:: Instructions to follow ::
The answer must be only the lines below from the one holding "Tanken är att om" down to the one holding "正气琅琅 男士内裤 3条装(VIP)3条装【莫代尔 高弹无痕】高弹舒适无痕男士平角内裤", ends included, printed exactly; please omit all pictures.

:: Source information ::
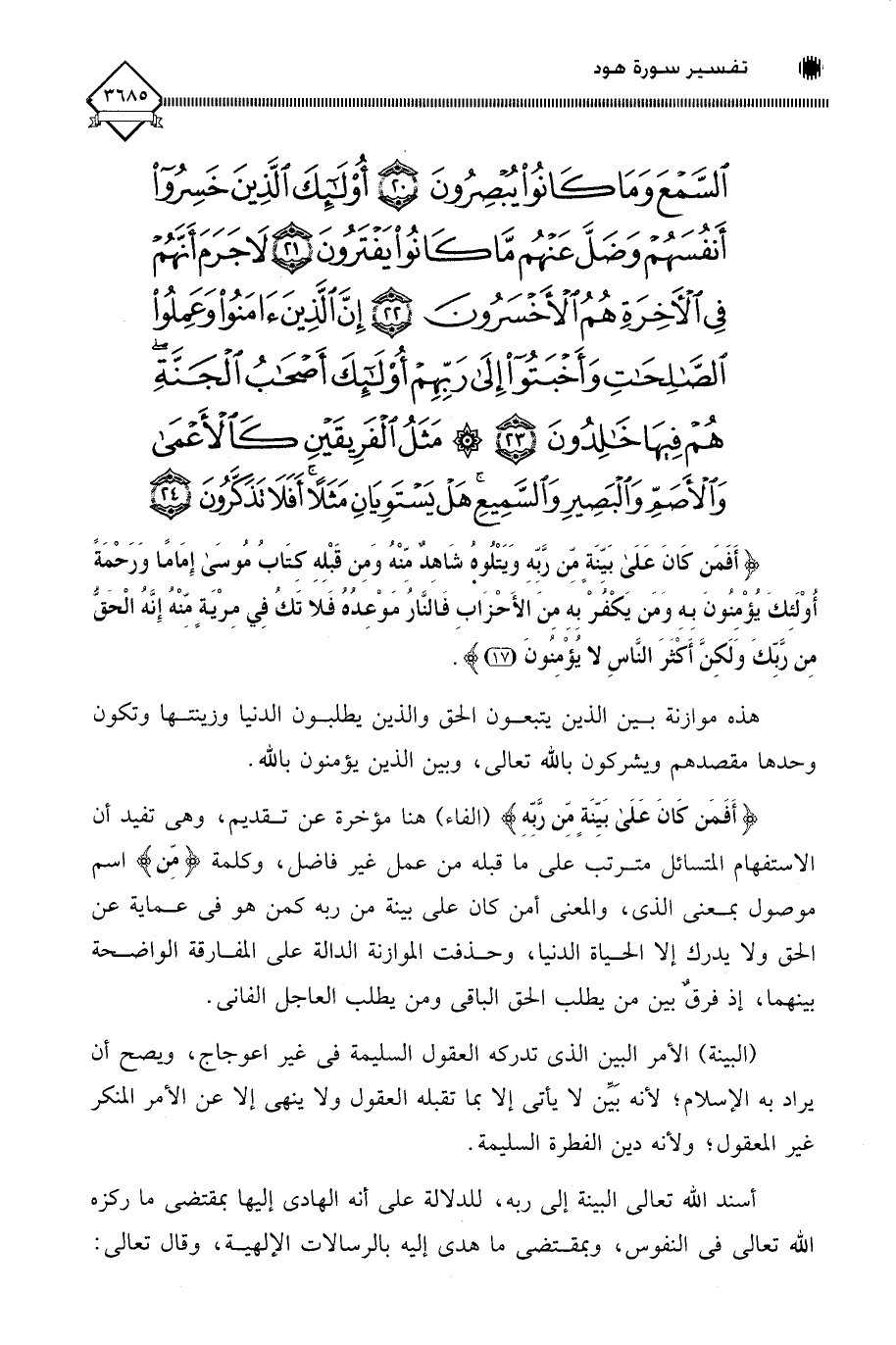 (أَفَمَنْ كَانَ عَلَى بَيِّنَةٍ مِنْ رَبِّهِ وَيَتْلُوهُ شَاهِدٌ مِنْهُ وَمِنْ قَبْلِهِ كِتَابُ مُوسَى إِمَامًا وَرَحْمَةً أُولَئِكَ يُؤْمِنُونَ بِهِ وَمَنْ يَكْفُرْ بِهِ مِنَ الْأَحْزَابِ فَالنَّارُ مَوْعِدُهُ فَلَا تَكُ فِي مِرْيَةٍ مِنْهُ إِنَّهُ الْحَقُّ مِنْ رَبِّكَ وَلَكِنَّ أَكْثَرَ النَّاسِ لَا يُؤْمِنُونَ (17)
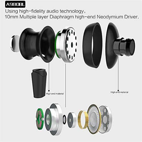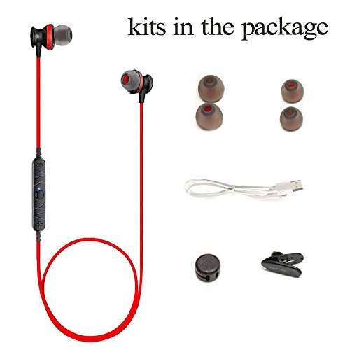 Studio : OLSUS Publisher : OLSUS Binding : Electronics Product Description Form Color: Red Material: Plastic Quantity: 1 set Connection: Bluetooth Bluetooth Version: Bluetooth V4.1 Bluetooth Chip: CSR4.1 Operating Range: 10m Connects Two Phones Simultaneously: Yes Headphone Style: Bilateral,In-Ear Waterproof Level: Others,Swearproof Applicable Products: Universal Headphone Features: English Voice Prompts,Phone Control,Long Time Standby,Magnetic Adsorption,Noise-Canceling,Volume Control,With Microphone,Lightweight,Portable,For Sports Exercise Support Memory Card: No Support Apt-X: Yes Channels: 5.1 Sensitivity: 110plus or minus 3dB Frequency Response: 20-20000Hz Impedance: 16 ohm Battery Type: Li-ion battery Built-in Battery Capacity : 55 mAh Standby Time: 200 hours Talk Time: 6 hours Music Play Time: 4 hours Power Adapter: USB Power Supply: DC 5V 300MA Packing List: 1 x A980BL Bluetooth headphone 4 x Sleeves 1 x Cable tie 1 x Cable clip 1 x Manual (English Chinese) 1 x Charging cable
* * *
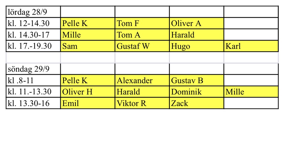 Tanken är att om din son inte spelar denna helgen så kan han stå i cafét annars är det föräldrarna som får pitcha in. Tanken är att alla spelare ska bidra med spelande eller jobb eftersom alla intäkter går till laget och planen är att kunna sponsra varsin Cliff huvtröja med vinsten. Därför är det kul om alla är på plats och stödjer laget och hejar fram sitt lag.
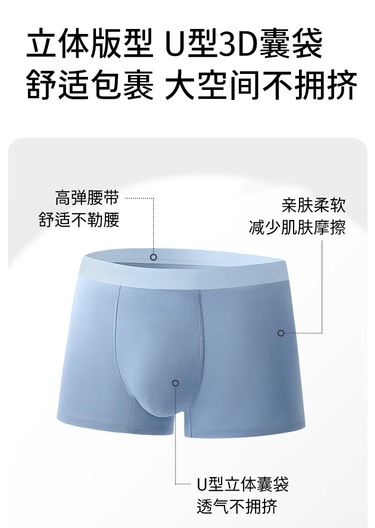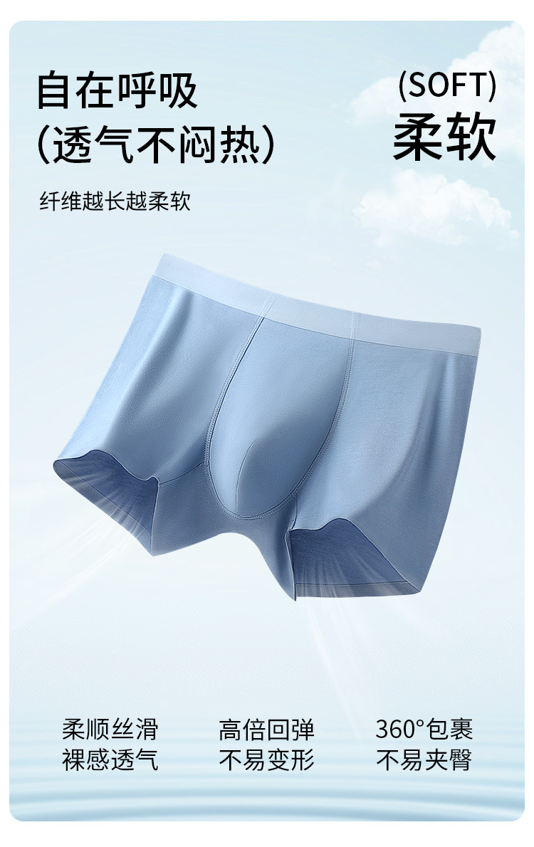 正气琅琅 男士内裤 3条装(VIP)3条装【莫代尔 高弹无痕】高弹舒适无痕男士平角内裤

:: Answer box ::
 Tanken är att om din son inte spelar denna helgen så kan han stå i cafét annars är det föräldrarna som får pitcha in. Tanken är att alla spelare ska bidra med spelande eller jobb eftersom alla intäkter går till laget och planen är att kunna sponsra varsin Cliff huvtröja med vinsten. Därför är det kul om alla är på plats och stödjer laget och hejar fram sitt lag.
 正气琅琅 男士内裤 3条装(VIP)3条装【莫代尔 高弹无痕】高弹舒适无痕男士平角内裤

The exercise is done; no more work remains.